Tuesday, August 11, 2020

 

The Scream of Nature

It happened gradually. He had sensed it was happening. The images were shifting. In the beginning it was a slight shift like some aberration, probably he wasn’t looking carefully or his eyes have weakened, later it gave impression as though he was watching the world through some dense partition. There was a distinct refraction he felt as if the images were at an angle, the reality was being wrenched out of place. The more he became aware of it the more it started to trouble him. Then came the images of disasters, the fire, the flood, the cyclones, the increasing regularity and intensity. He knew the shift was real. He could feel his heartbeat rise before he calmed himself down. He distracted himself in his daily chores. The world went on in its deceptive phase. There was sunrise, the morning, noon and sunset, the night. On bright sunny days he could see vultures circling in thermals at great height. They looked like darts controlled by some unseen forces pendulating in a set pace. His eyes throbbed and eyelids fluttered rapidly, images of vast fields of dead rotting vultures filled his sight. They hang their neck deliriously and roll down dead. The darts became large as it drop onto earth with dull thuds. It was raining dead vultures. Exhausted he leaned on to the railings of the bridge. The warm sturdy metal assured him. It dispelled his fear. He clutched it. The bridge was real and held in place by simple mechanisms that could be trusted. It held its truth. On gravity. He felt it. He knew nothing was real. There was no wrong or right. He didn’t know what to trust and what not to. There was no anchor to nurture his thoughts. He must therefore focus on the immediate. The distant was absurd or else it would kill him. There was no reason, no purpose. He need to conceive a reason, device a purpose, to keep the absurd away. Though there wasn’t anything to understand he need to understand. Understand the absurdness of his reality. He must assume himself to be happy. That is the only way he could survive.
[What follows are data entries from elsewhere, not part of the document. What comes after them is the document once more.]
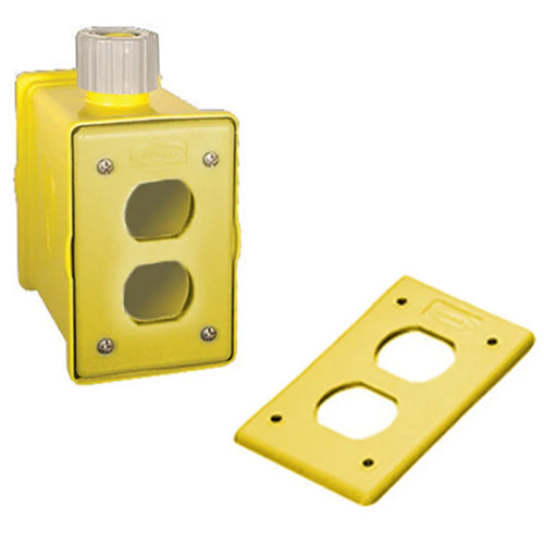 Hubbell HBLPOB1DY, Yellow Portable Outlet Box With Cord Strain Relief, with Two Duplex Plates
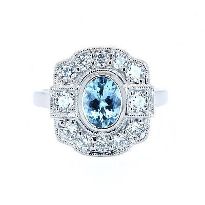 A brand-new, unused, certified natural diamond & aquamarine flower-shaped cluster ring, set with one oval-cut aquamarine gemstone at the centre & a cluster of brilliant-cut diamonds in a halo setting, set in platinum.
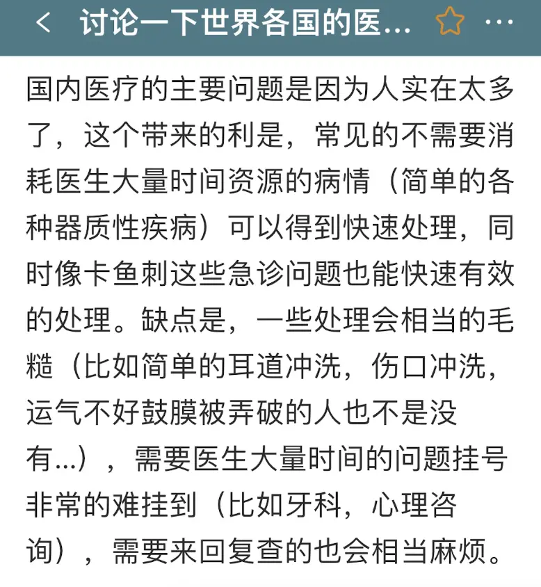 一畝三分地上有網友發過帖子:討論一下世界各國的醫療體制,其中就提到了中國拔魚刺的高效。
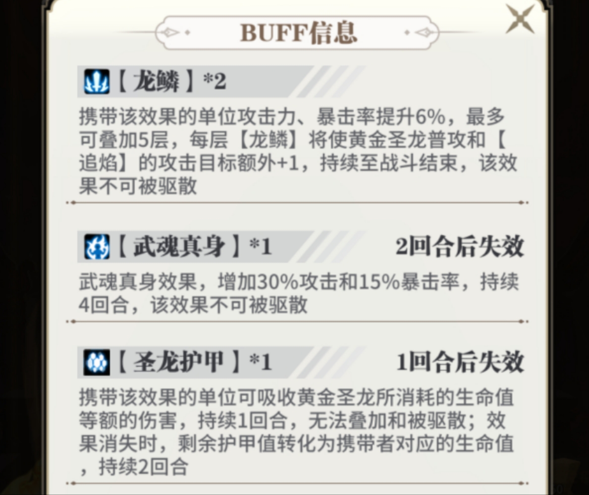 (由于黄金圣龙为群攻型输出,腐蚀及灼烧附加的概率较高,能有效的打出消耗和负面效果,可为队友提供负面效果层数叠加,打出更高的伤害)
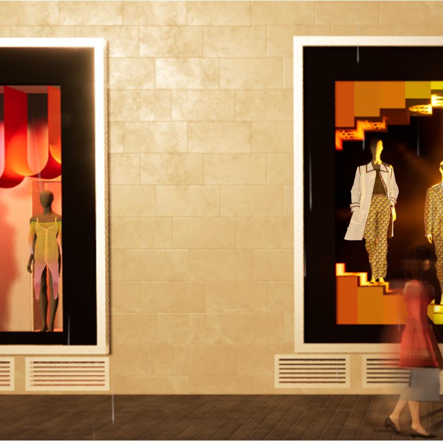 2. Une déclinaison de cette installation adaptée aux vitrines d’un grand magasin.
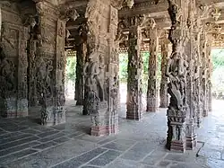 The main sanctum faces west and can be entered through a 40 metres (130 ft)-tall, 7-tiered rajagopuram (main gateway tower).[4] The image of the presiding deity is designed in such a way that on the 15th day after Chitra Purnima, the rays of the Sun fall on the idol.[26] The hill, called Hastagiri, is 360 metres (1,180 ft) long by 240 metres (790 ft).[27] The eastern gopuram is taller than the western gopuram, which is contrasting to large temples where the rajagopuram is the tallest one.[4] One of the most famous architectural pieces in the temple is the huge stone chain sculpted in a single stone.[28] There is a 100 pillared hall[29] which has sculptures depicting Ramayana and Mahabharata. It is a masterpiece of Vijayanagara architecture.[21][28]
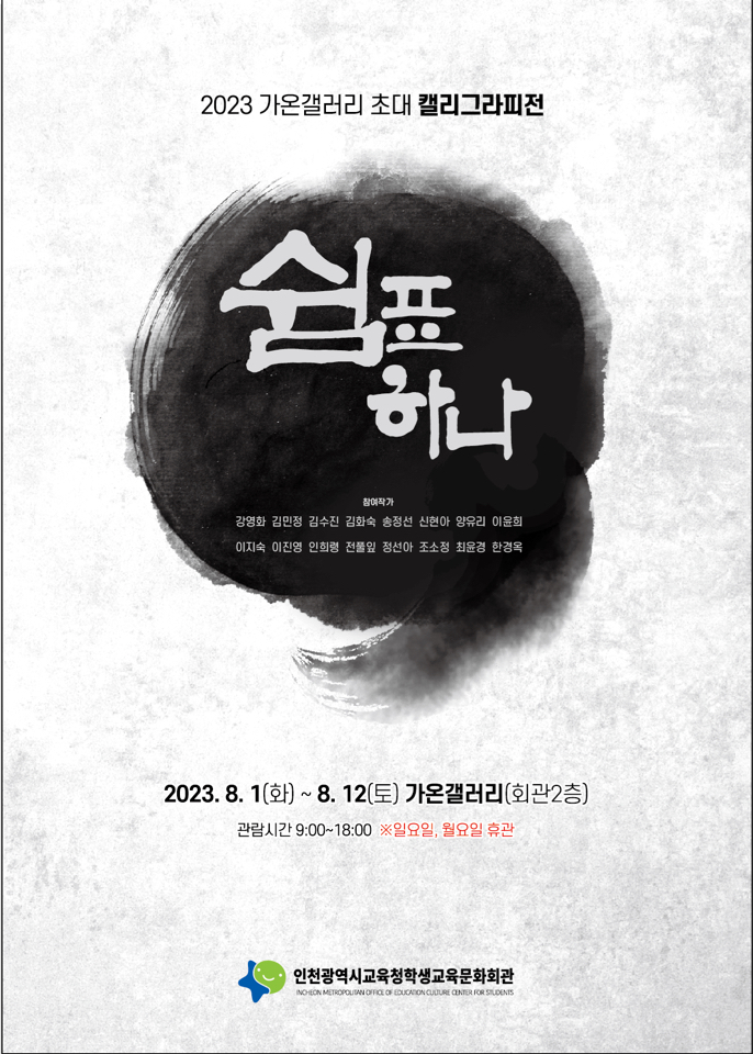 학생교육문화회관(관장 김호섭)은 가온갤러리에서 ‘캘리그라피전, 쉼표 하나’를 8월 1일부터 12일까지 전시한다.
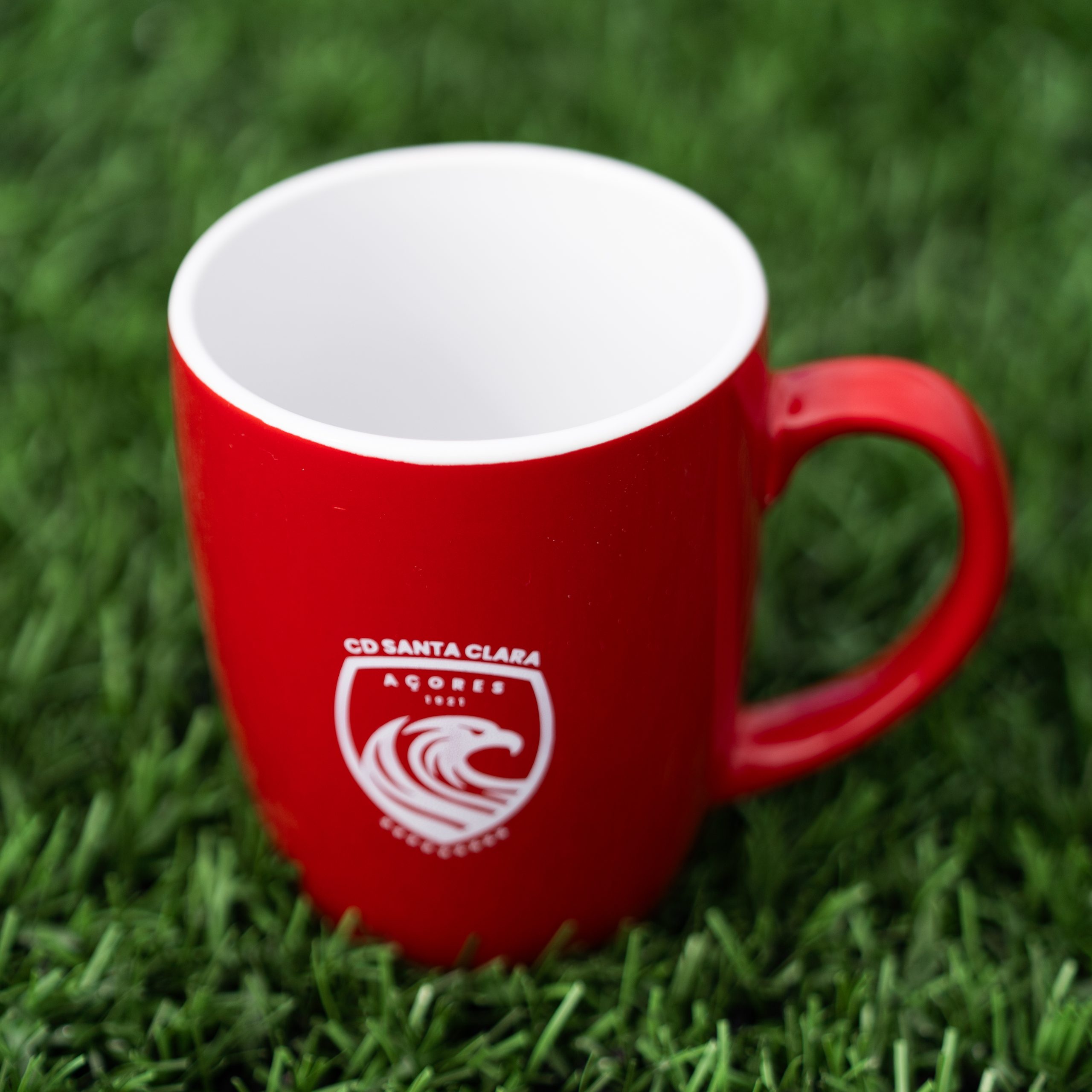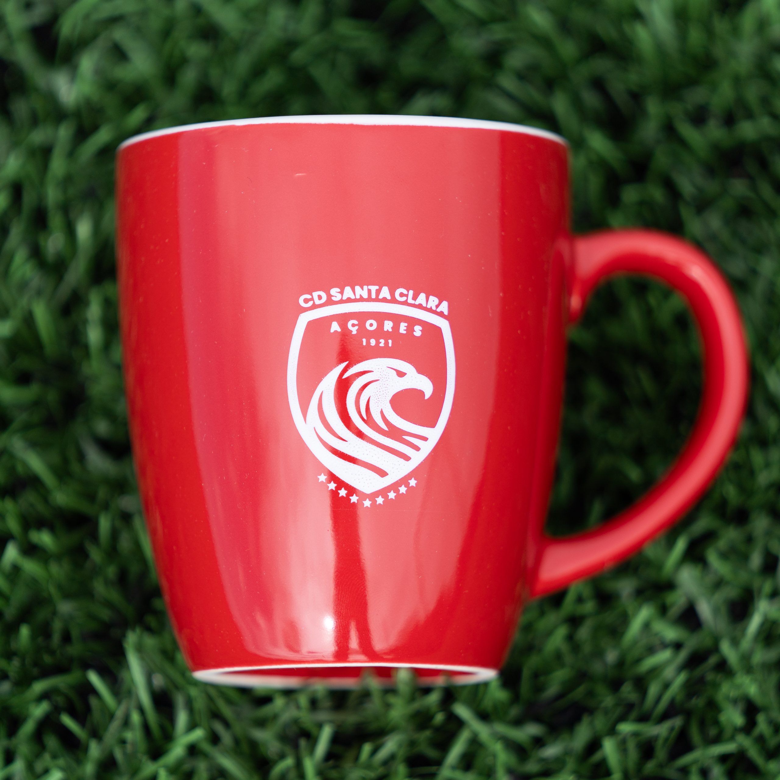 Caneca esmaltada oficial do Santa Clara, em vermelho, com design resistente e acabamento clássico. Ideal para uso diário ou para colecionadores que querem levar o espírito açoriano para a sua rotina.

There is a giraffe ambling in the savanna, careless to her fate she seeks the acacia leaves. Her striking eyelashes in wonder of beautiful life. They shoot her for fun. She falls in pain and in muted screams beats her long legs in air. They smile and desecrate her body while they take pictures to share with friends and family, and stuff her as trophy to be shipped in faraway drawing room to be lit in luxury and comfort. He hears the giraffe’s scream. He feels the pain. He cannot assume to be happy. He can no longer pretend. He hears the bleeding sky. He hears the horrors of exploding bombs. He hears the utter anguish of human existence. He hears the restless river. He hears the falling trees. He hears the machine dredge the deep forest. He trembles. He hears the visceral scream passing through the nature. They swirl in tremendous energy towards him. He hears the scream of kuala trapped in the eucalyptus tree as the forest fire engulf. The tongue of the flame leaping ferociously to singe his skin. The screams of fishes as the acid ocean wrangle the life out of corals. The bleached corals sway in terrifying desolation. The screams of shocked deer swept away in surging flood. The screams of hapless cormorant covered in oil slick. The screams of polar bear marooned on melting ice. Her life dangling in the precipice of no return. He is reduced to bones. He knew he wouldn’t survive. He reconcile to death. But there is something terrible that awaits him before death. Something he must face. More and more screams arise from all corners and suffuse into primal horror. These bloodcurdling shrieks consolidates to disintegrate his humanity and obliterates his soul. His brain burst, he bleeds through the eyes, ears and mouth, and is reduced to skeletal androgyny floating in timeless agony. He feels that he is falling into the abyss of untold misery.  He seeps and is distorted, appropriated by the great force of destruction. He must atone the sins of humanity. He has a longing to disappear and become one with the world. There are no gods, no words, no ideas, no facts, no nothing, just this deep emptiness that needs to be filled. Like in the color book. The green. The red. The blue. The humpback whale take in all to spout immaculate rainbow.    


(This is a short fiction alright but has deeper insights of Munch’s painting, Nietzsche, Camus…but finally it has to be Spinoza!)